Quarterback Sneak (Red Zone Rivals #3)(19)
Alone.
I’d been so focused on football since the season started that I’d almost forgotten how striking she was, how her long, brown hair flowed over her shoulders, her thick lashes framing those endlessly dark eyes. I’d almost forgotten those lean, tan legs and the narrow angle of her waist. I let myself take her in, let my gaze wander the length of her before slowly climbing back up.
She didn’t shy away. She didn’t cover herself or adjust her stance or make any sort of comment — though we both knew I was raking my eyes over every inch of her. She stayed perfectly still and calm until I found her gaze again, and then she tilted her chin a little higher, and the only thing that gave her away was the slight bob of her throat.
“I’ll let you get settled,” she finally said, her voice softer than before. She pushed off from where she’d been leaning against the frame and made her way toward the door. “Limited movement,” she reminded me, spinning to pin me with an aggressive finger point.
“Wait.”
She halted mid-turn, something… new in her eyes as she paused for me.
I hooked a thumb over my shoulder toward the en-suite bathroom. “Aren’t you going to help me shower?”
Julep blinked, and then scoffed, rolling her eyes and turning for the door again. “You’re lucky I don’t drown you in the shower.”
I gave her a toothy smile then, even though she’d already turned and couldn’t see it. But before she got all the way out the door, I called, “Thank you.”
She paused again, her back still to me as she hovered in the doorway.
“For having faith in me back there.”
Her back tensed, and then her shoulders deflated, and she angled her chin down and back toward me, her eyes flashing over her shoulders before her gaze was on the floor again.
“I don’t have faith in anything,” she said.
And then she left.
Julep
Two days later, I woke up at the ass crack of dawn from a nightmare.
It was a nightmare I was familiar with, one that made no sense but somehow always filled me with terror no matter how many times I had it. I could never even remember it when I woke. All I could grasp was that I was in a dark house with no walls or windows, that I was cold and scared, and that I had the distinct feeling that I’d slipped off the face of the Earth and was lost somewhere in-between where I was previously and where I was supposed to be now.
After the panic subsided, the sweating kicked in, and just like it had countless nights since Abby died, my brain started in on playing its favorite game of attacking me and keeping me awake with endless questions that had no answers.
It was still dark as I flopped back and forth on my bed, trying and failing to fall back asleep before I finally ripped the covers off and angrily stormed into my bathroom. I looked like hell, dark circles under my already dark eyes, skin pale and dull. I splashed some water on my face before hanging my hands off the edge of the bathroom counter and staring at my reflection.
But I didn’t look long.
Because the longer I stared, the more likely it was that I’d see her.
Abby may have been younger than me, but we had often been mistaken for twins. We had the same long, thick, shiny, dark hair, the same lean frame, the same button nose and full lips. Our biggest differentiator was that her eyes were neon blue and mine were shit brown — and I used to tell her that all the time, how jealous I was of her eyes.
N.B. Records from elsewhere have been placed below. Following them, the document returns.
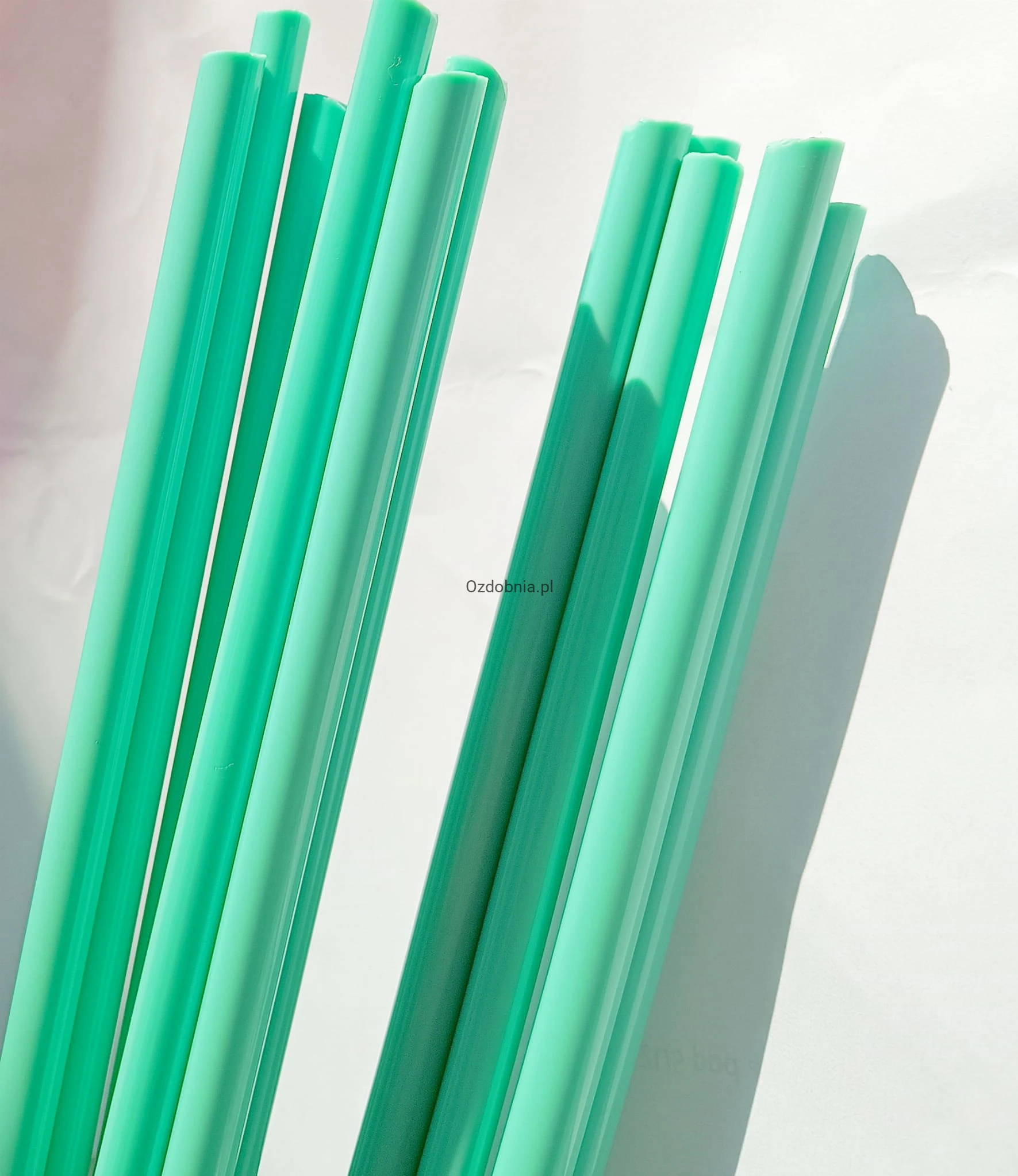 Opalowe pręty szklane w kolorze pistacjowym.
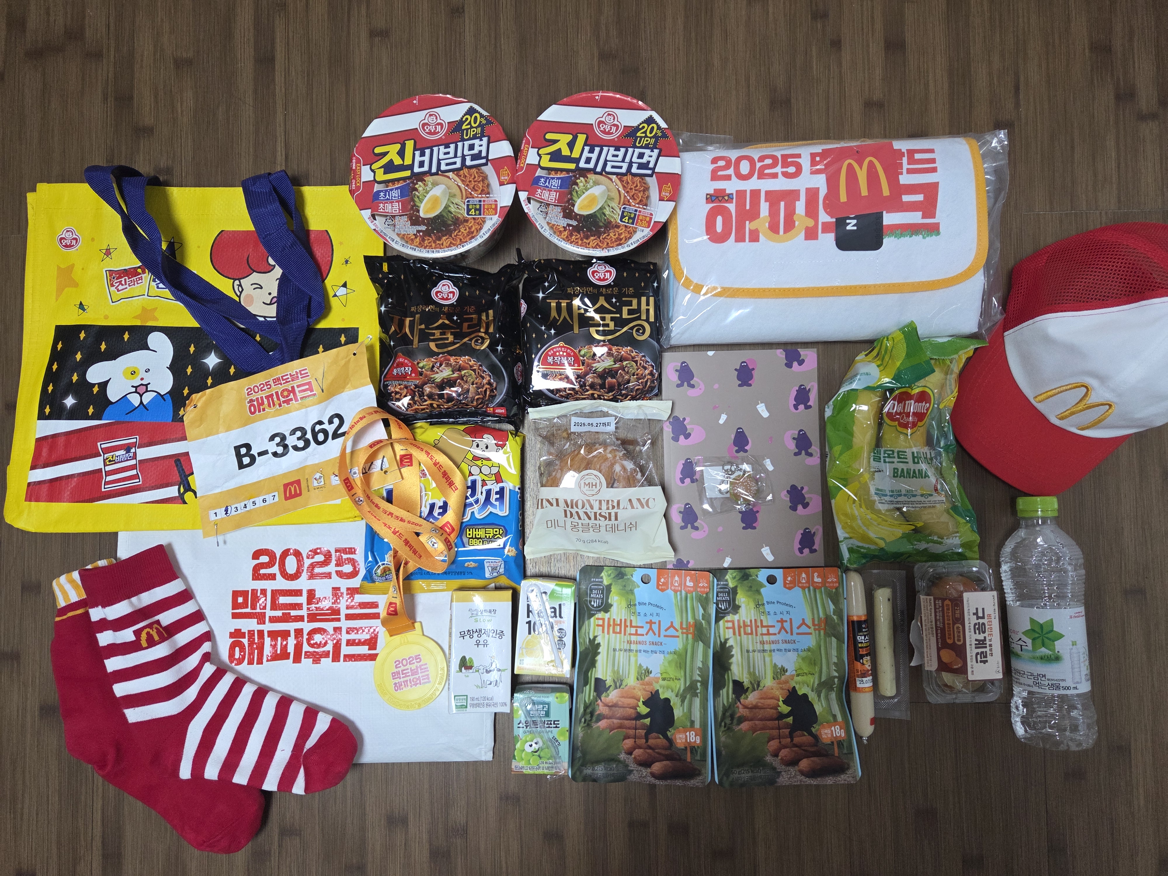 이제 간식부스에서 간식꾸러미를 받고 각 협찬사 부스에 들러 추가 굿즈를 모아보도록 하겠습니다. 와 근데 줄 진짜 길어요... 이쯤되니 출발을 서두를 게 아니라 다들 출발했을 때 20분쯤 대기하고 있다가 부스부터 돌았어야한다는 생각이... 뇌리를 쎄게 스쳤지만... 이미 늦었다잉. 무한대기의 굴레를 지나 인스타 팔로우며 룰렛, 모래주머니 던지기를 모두 수행하고 경품을 이만큼이나 모았습니다.
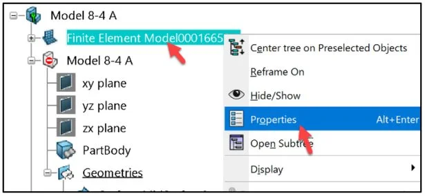 Right-click the default Simulation title (Finite Element Model#######).
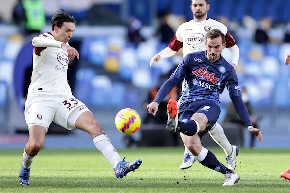 Napoli 23/01/2022 - campionato di calcio serie A / Napoli-Salernitana / foto Insidefoto/Image Sport nella foto: Filippo Delli Carri-Fabian Ruiz
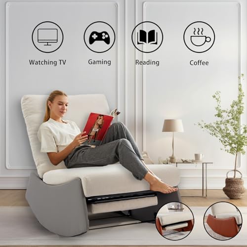 Majnesvon Modern PU Accent Rocking Chair Recliner with Footrest – Comfy Nursery Rocker, Upholstered Lounge Chair for Reading and Relaxing, Soft Padded Rocker for Living Room and Bedroom (Gray)
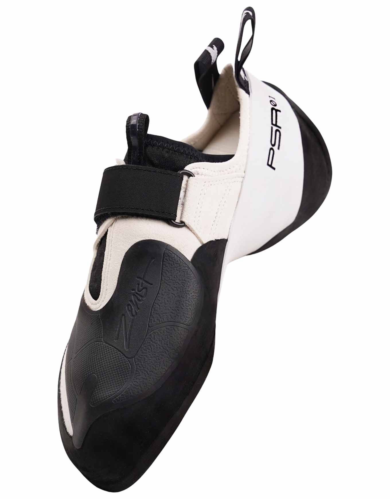 Précision, technicité et puissance d’appui caractérisent le Zenist lors de la charge, grâce à sa cambrure très marquée et sa construction asymétrique qui autorisent les crochets les plus délicats. Une tige en matière synthétique assure au chausson de conserver son ajustement au fil du temps sans se détendre.
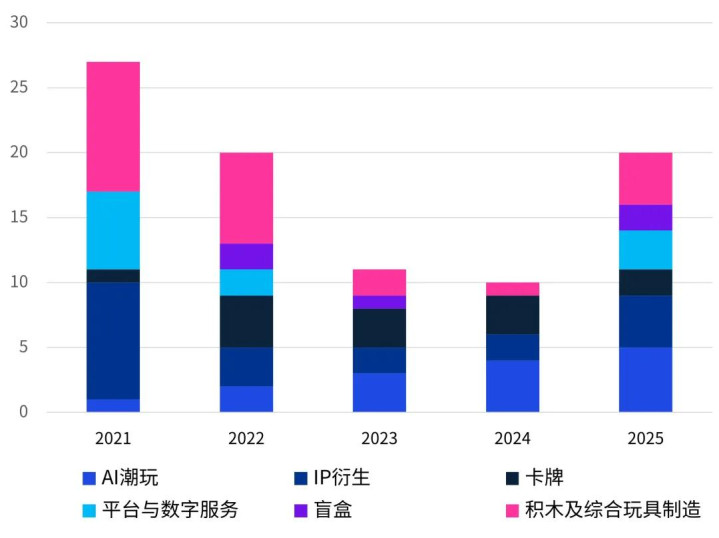 集换式卡牌在经历2022年泡沫后,2025年融资回归理性,资本关注的是“互动陪伴”与“收藏体系”的可持续性。AI潮玩虽融资笔数不多(2025年为5笔),但已从概念走向产品落地,如可感知情绪的智能玩偶、可编程积木,正成为新一代“情感陪伴”载体。
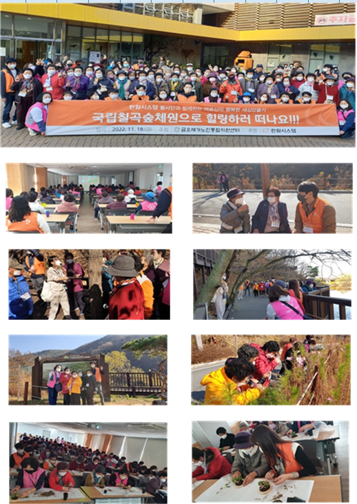11월18일(금)에는 저희센터 맞춤돌봄서비스 이용자 대상으로 한화시스템구미사업장 후원(360만원)으로 칠곡 숲체원 나들이를 다녀왔습니다.
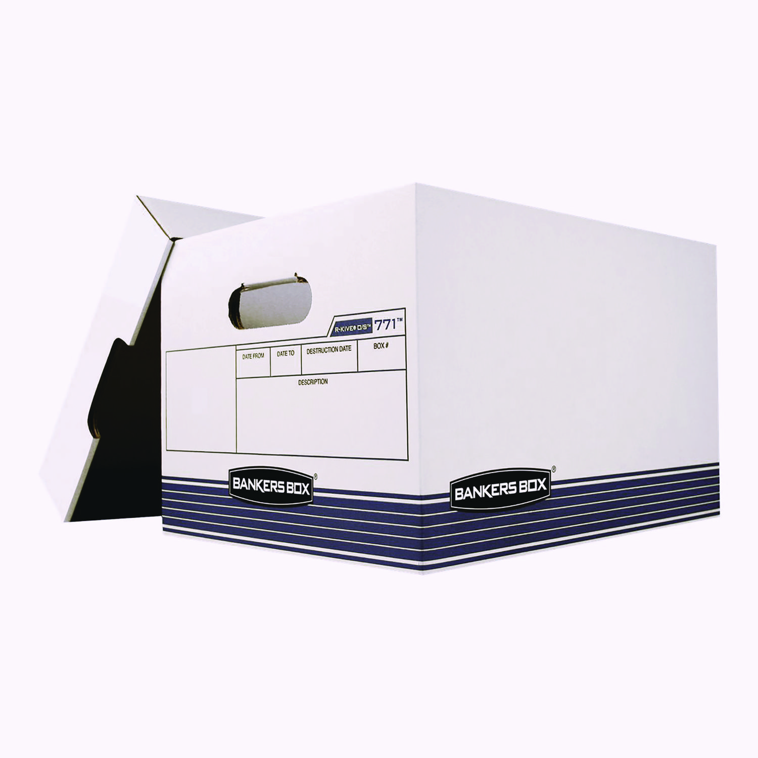 Heavy-duty, triple-end, double-side, double-bottom construction stacks up stronger and withstands frequent handling. FastFold® quick and easy assembly. Reinforced tear-resistant handles make box comfortable to carry. Deep, locking, lift-off lid stays in place for secure file storage. Smooth rolled edges add strength and prevent paper cuts. Box Type: Stackable File Storage; Box Style: FastFold® Quick & Easy Assembly; Strength: Heavy-Duty; File Size Format: Letter/Legal.
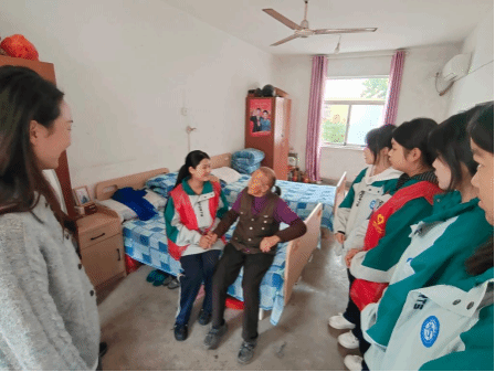 打扫完卫生后,师生们纷纷走进老人的房间,与他们亲切交谈。大家围坐在老人身边,倾听他们讲述过去的故事,分享生活中的点滴趣事。现场欢声笑语不断,气氛温馨而融洽。师生们的陪伴让老人们感受到了浓浓的关爱,脸上洋溢着幸福的笑容。
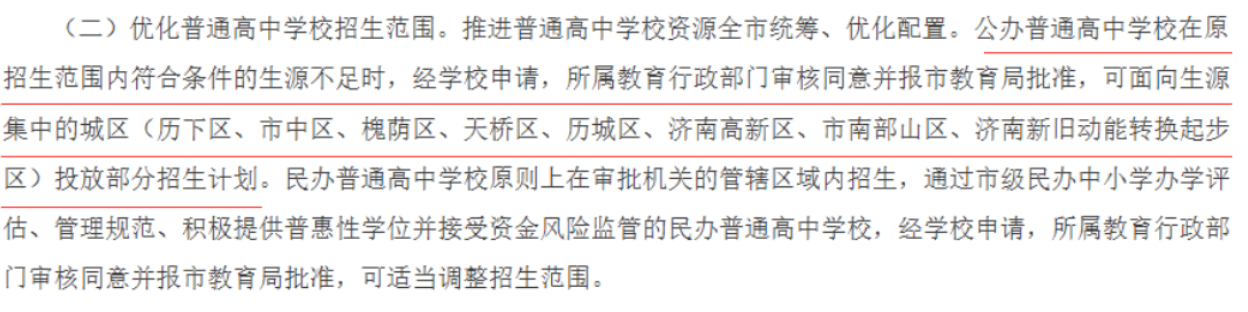 (二)优化普通高中学校招生范围。推进普通高中学校资源全市统筹、优化配置。公办普通高中学校在原招生范围内符合条件的生源不足时,经学校申请,所属教育行政部门审核同意并报市教育局批准,可面向生源集中的城区(历下区、市中区、槐荫区、天桥区、历城区、济南高新区、市南部山区、济南新旧动能转换起步区)投放部分招生计划。民办普通高中学校原则上在审批机关的管辖区域内招生,通过市级民办中小学办学评估、管理规范、积极提供普惠性学位并接受资金风险监管的民办普通高中学校,经学校申请,所属教育行政部门审核同意并报市教育局批准,可适当调整招生范围。

I wondered if she’d be proud of me.
I’d only been in Boston for five months, since Dad moved us here for spring training, but it’d been the best five months I’d had since she’d died. I’d had a few drinks, sure, but I hadn’t smoked, hadn’t sniffed or snorted or popped anything other than Advil. I was focused at school, and on my work at the stadium — so much so that even Dad trusted me enough to let me live on my own.
He now trusted me enough to let me lead rehab for his quarterback.
I hoped this was the first real step in me changing for the better, in me turning my life around. Then again, the little shred of hope I held was pitiful because I knew who I was at the root of everything.
A monster.
And the only reason I was here, doing everything that I was doing, was because my father didn’t deserve to have his heart broken any more than it already had been.
I checked the time on my phone when I ambled back into my room, groaning at the ungodly hour. The sun hadn’t even started peaking over the horizon yet. But I knew sleep wasn’t happening, so I quietly changed into shorts and a sports bra and slipped in my headphones before making my way downstairs.
It was dark in the living room, save for the soft bit of blue streaming in from dawn through the window. I left the lights off as I stretched and got warm, and then I slowly slid the coffee table out of the way as quietly as I could.
Once it was in the corner, I wrapped my hand around the pole.
That first touch of cool chrome was like a bucket of ice water dousing the flame of guilt and panic and pain I’d woken up with. It soothed me immediately, and I took my first deep breath of the morning, walking around the pole before I lifted my inside arm high and did a dip, flying backward into a goddess spin.
That was my last bit of true consciousness for the next hour.
After that, I slipped out of my mind and into my body, letting it move in whatever way it wanted to with the cool, dark living room as its stage.